* _Input data_:
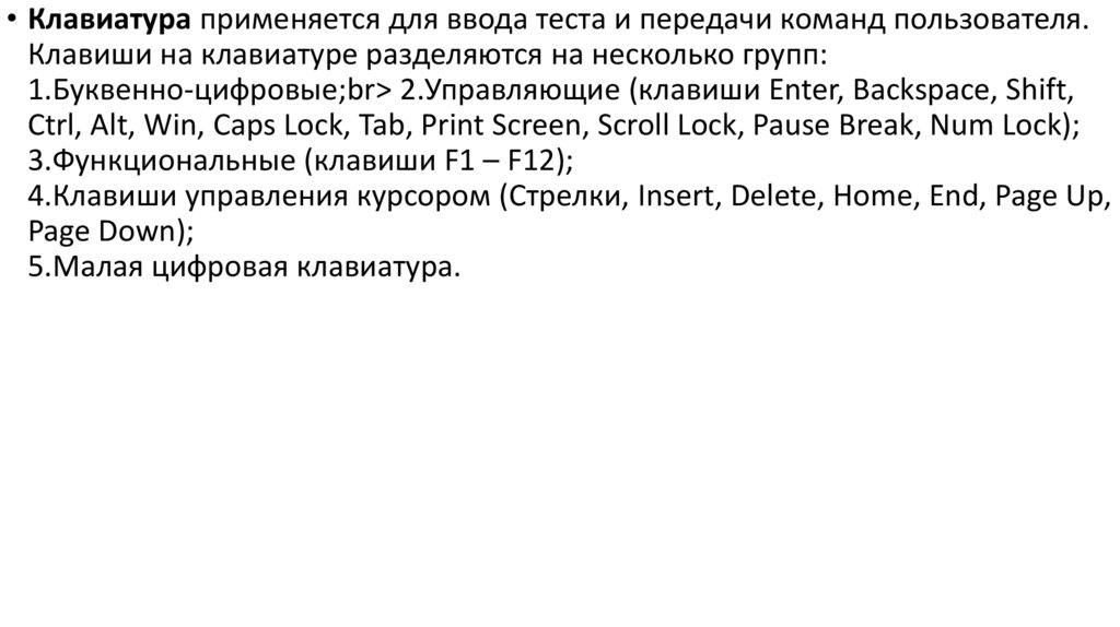 • 3) клавиатура – основное назначение которой ввод алфавитно-цифровой информации;
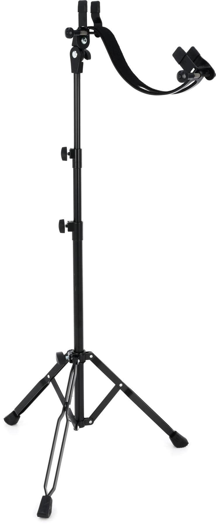For electric guitars, for convenient playing. 2-way height adjustment. Felt-lined instrument support arm. Angle and length adjust to your needs.
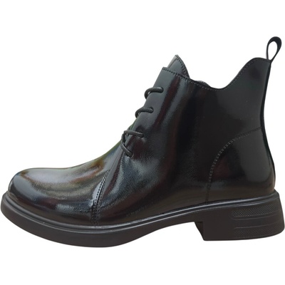 Dámská kotníková obuv s vnitřním chlupem na postranní zip v lesklé černé barvě na nízkém podpatku. Perfektní volba pro chladnější podzimní a zimní dny. Svrchní...
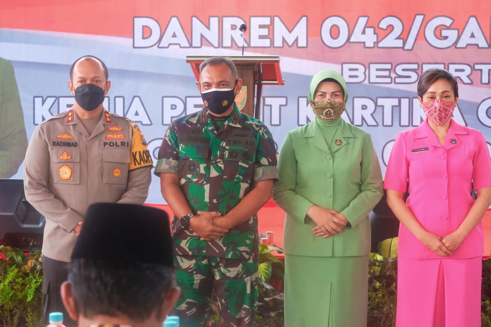 Kapolda Jambi Irjen Pol Albertus Rachmad Wibowo bersama Ibu Ketua Bhayangkari Daerah Jambi Ny. Evi Rachmad Wibowo menghadiri acara lepas pamit Danrem 042/Garuda Putih beserta Ketua Persit Kartika Chandra Kirana Koorcab Rem 042 PD II/ Sriwijaya, Di Lapangan Tenis Makorem 042/ Garuda Putih, Kamis (3/2/22).

* _Work instructions_: Print exactly, and only, the lines from the line containing "For electric guitars, for" to the last line of the material above, with every picture left out.

* _Task solution_:
For electric guitars, for convenient playing. 2-way height adjustment. Felt-lined instrument support arm. Angle and length adjust to your needs.
 Dámská kotníková obuv s vnitřním chlupem na postranní zip v lesklé černé barvě na nízkém podpatku. Perfektní volba pro chladnější podzimní a zimní dny. Svrchní...
 Kapolda Jambi Irjen Pol Albertus Rachmad Wibowo bersama Ibu Ketua Bhayangkari Daerah Jambi Ny. Evi Rachmad Wibowo menghadiri acara lepas pamit Danrem 042/Garuda Putih beserta Ketua Persit Kartika Chandra Kirana Koorcab Rem 042 PD II/ Sriwijaya, Di Lapangan Tenis Makorem 042/ Garuda Putih, Kamis (3/2/22).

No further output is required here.